WHAT NEEDS TO BE DONE
Look below for the line with "- Przełóż śliwki"; begin the copy there and stop after the line with "ЕЦБ впервые с", keeping the text exact and the pictures out.
START DATA FOR THIS EXERCISE
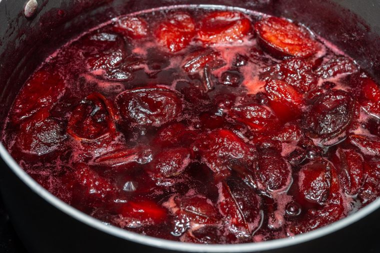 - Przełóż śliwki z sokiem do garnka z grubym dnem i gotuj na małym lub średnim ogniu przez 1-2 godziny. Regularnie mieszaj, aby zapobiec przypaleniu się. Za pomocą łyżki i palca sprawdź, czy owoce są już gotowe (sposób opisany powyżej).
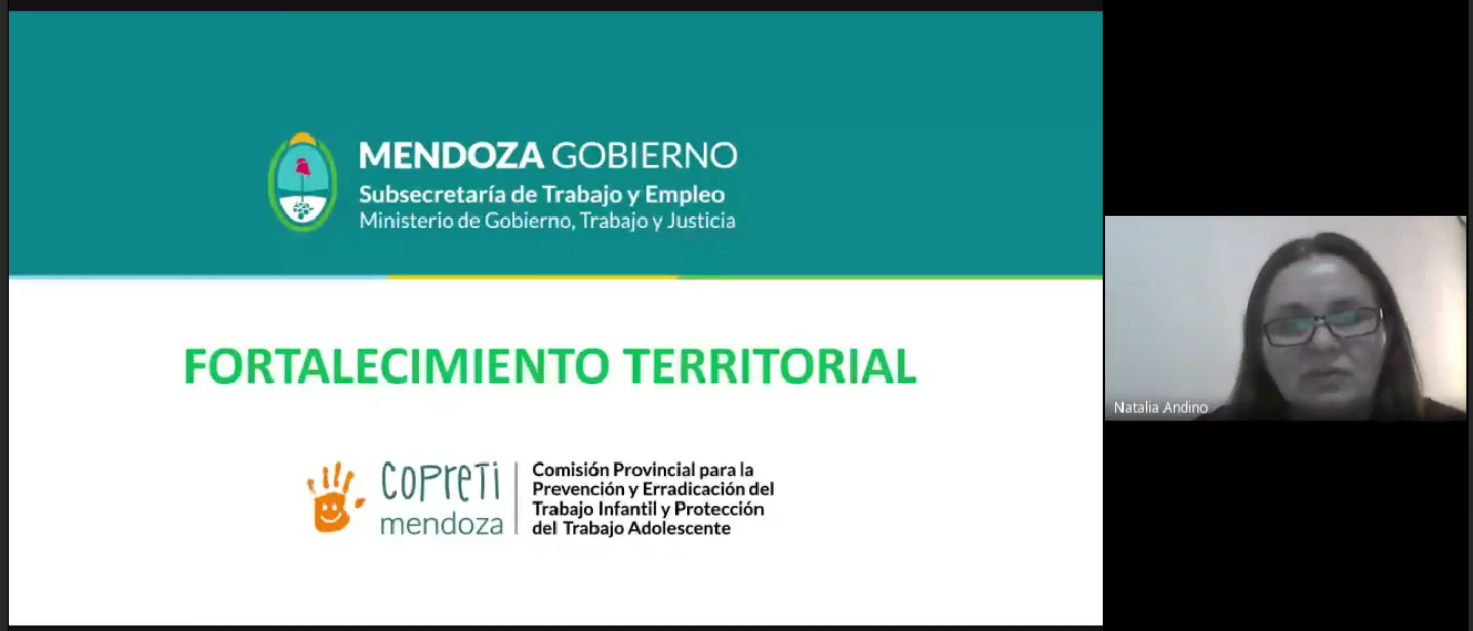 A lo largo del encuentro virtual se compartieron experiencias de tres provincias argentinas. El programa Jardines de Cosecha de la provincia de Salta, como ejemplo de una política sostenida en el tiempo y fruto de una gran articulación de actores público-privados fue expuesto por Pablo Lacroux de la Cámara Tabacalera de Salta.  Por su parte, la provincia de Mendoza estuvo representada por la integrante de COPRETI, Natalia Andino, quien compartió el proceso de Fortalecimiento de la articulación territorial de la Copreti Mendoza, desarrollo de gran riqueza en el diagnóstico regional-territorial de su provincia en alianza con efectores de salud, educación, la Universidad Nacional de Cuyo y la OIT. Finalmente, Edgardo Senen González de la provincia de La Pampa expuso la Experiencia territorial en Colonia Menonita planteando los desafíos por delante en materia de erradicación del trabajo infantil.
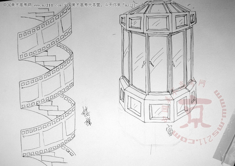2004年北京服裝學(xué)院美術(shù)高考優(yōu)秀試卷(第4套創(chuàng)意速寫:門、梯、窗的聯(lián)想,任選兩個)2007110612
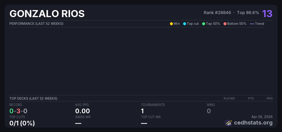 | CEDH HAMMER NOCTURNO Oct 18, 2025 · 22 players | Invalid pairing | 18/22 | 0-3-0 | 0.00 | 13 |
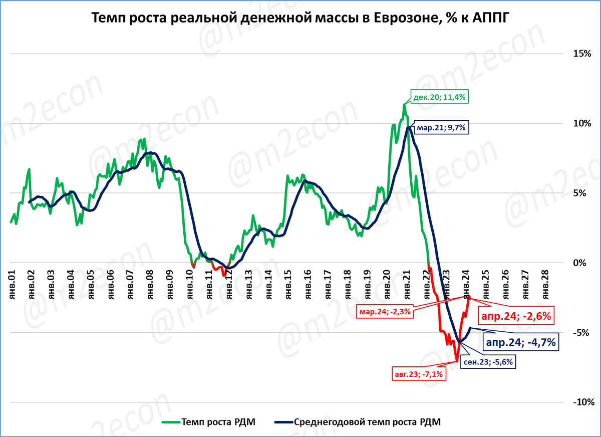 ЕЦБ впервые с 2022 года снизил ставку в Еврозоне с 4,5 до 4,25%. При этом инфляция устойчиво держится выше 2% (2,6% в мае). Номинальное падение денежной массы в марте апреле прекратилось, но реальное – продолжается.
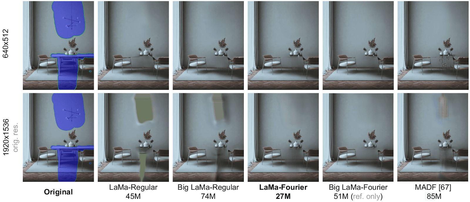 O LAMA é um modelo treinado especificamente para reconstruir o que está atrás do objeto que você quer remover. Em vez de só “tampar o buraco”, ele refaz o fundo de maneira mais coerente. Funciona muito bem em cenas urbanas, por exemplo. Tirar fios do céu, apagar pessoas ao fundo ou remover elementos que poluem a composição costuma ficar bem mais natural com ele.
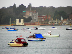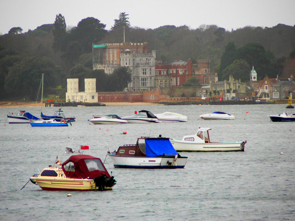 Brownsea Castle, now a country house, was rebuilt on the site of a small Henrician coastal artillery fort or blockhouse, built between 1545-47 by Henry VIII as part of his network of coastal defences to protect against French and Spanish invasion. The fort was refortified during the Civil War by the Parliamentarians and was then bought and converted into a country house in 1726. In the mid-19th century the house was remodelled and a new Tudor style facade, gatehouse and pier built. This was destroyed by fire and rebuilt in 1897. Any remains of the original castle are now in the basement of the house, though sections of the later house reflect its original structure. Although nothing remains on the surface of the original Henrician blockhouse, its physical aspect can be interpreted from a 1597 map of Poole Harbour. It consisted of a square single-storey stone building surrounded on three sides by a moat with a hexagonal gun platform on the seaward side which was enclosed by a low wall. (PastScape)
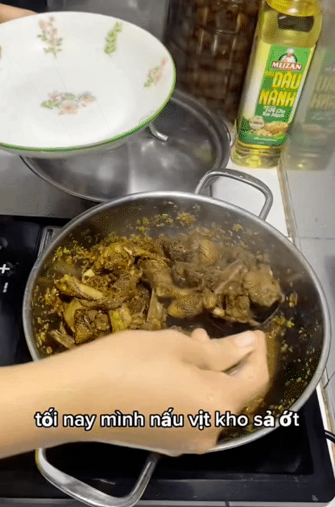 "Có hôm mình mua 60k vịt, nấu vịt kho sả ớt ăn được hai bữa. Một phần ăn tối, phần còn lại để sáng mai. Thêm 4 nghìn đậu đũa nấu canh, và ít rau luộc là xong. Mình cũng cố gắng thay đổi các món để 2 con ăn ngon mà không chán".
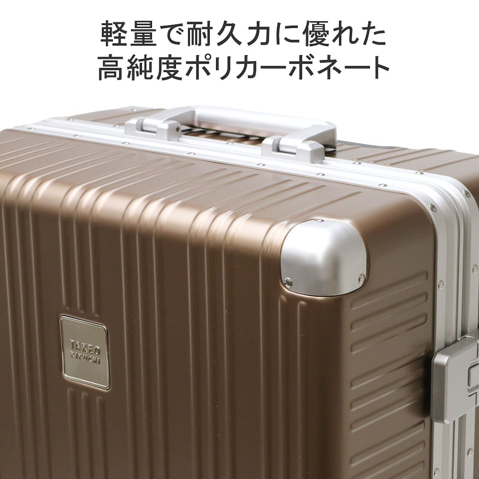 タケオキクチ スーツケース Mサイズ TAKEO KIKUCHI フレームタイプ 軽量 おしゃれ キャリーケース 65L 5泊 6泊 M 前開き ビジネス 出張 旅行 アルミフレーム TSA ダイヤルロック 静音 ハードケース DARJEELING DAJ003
END DATA FOR THIS EXERCISE
START DATA FOR THIS EXERCISE
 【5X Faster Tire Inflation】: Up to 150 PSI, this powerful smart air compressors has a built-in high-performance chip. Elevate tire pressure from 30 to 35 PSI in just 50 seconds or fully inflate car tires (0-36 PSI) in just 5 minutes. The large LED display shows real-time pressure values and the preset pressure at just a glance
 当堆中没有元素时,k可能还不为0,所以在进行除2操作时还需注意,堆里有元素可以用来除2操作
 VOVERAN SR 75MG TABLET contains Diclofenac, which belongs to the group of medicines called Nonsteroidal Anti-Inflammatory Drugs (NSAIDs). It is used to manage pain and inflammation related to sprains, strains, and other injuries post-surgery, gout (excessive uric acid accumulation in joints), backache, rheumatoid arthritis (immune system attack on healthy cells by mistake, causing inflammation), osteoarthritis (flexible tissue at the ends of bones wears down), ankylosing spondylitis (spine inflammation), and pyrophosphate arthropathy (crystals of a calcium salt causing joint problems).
END DATA FOR THIS EXERCISE
ANSWER TO THE PROBLEM
 - Przełóż śliwki z sokiem do garnka z grubym dnem i gotuj na małym lub średnim ogniu przez 1-2 godziny. Regularnie mieszaj, aby zapobiec przypaleniu się. Za pomocą łyżki i palca sprawdź, czy owoce są już gotowe (sposób opisany powyżej).
 A lo largo del encuentro virtual se compartieron experiencias de tres provincias argentinas. El programa Jardines de Cosecha de la provincia de Salta, como ejemplo de una política sostenida en el tiempo y fruto de una gran articulación de actores público-privados fue expuesto por Pablo Lacroux de la Cámara Tabacalera de Salta.  Por su parte, la provincia de Mendoza estuvo representada por la integrante de COPRETI, Natalia Andino, quien compartió el proceso de Fortalecimiento de la articulación territorial de la Copreti Mendoza, desarrollo de gran riqueza en el diagnóstico regional-territorial de su provincia en alianza con efectores de salud, educación, la Universidad Nacional de Cuyo y la OIT. Finalmente, Edgardo Senen González de la provincia de La Pampa expuso la Experiencia territorial en Colonia Menonita planteando los desafíos por delante en materia de erradicación del trabajo infantil.
2004年北京服裝學(xué)院美術(shù)高考優(yōu)秀試卷(第4套創(chuàng)意速寫:門、梯、窗的聯(lián)想,任選兩個)2007110612
 | CEDH HAMMER NOCTURNO Oct 18, 2025 · 22 players | Invalid pairing | 18/22 | 0-3-0 | 0.00 | 13 |
 ЕЦБ впервые с 2022 года снизил ставку в Еврозоне с 4,5 до 4,25%. При этом инфляция устойчиво держится выше 2% (2,6% в мае). Номинальное падение денежной массы в марте апреле прекратилось, но реальное – продолжается.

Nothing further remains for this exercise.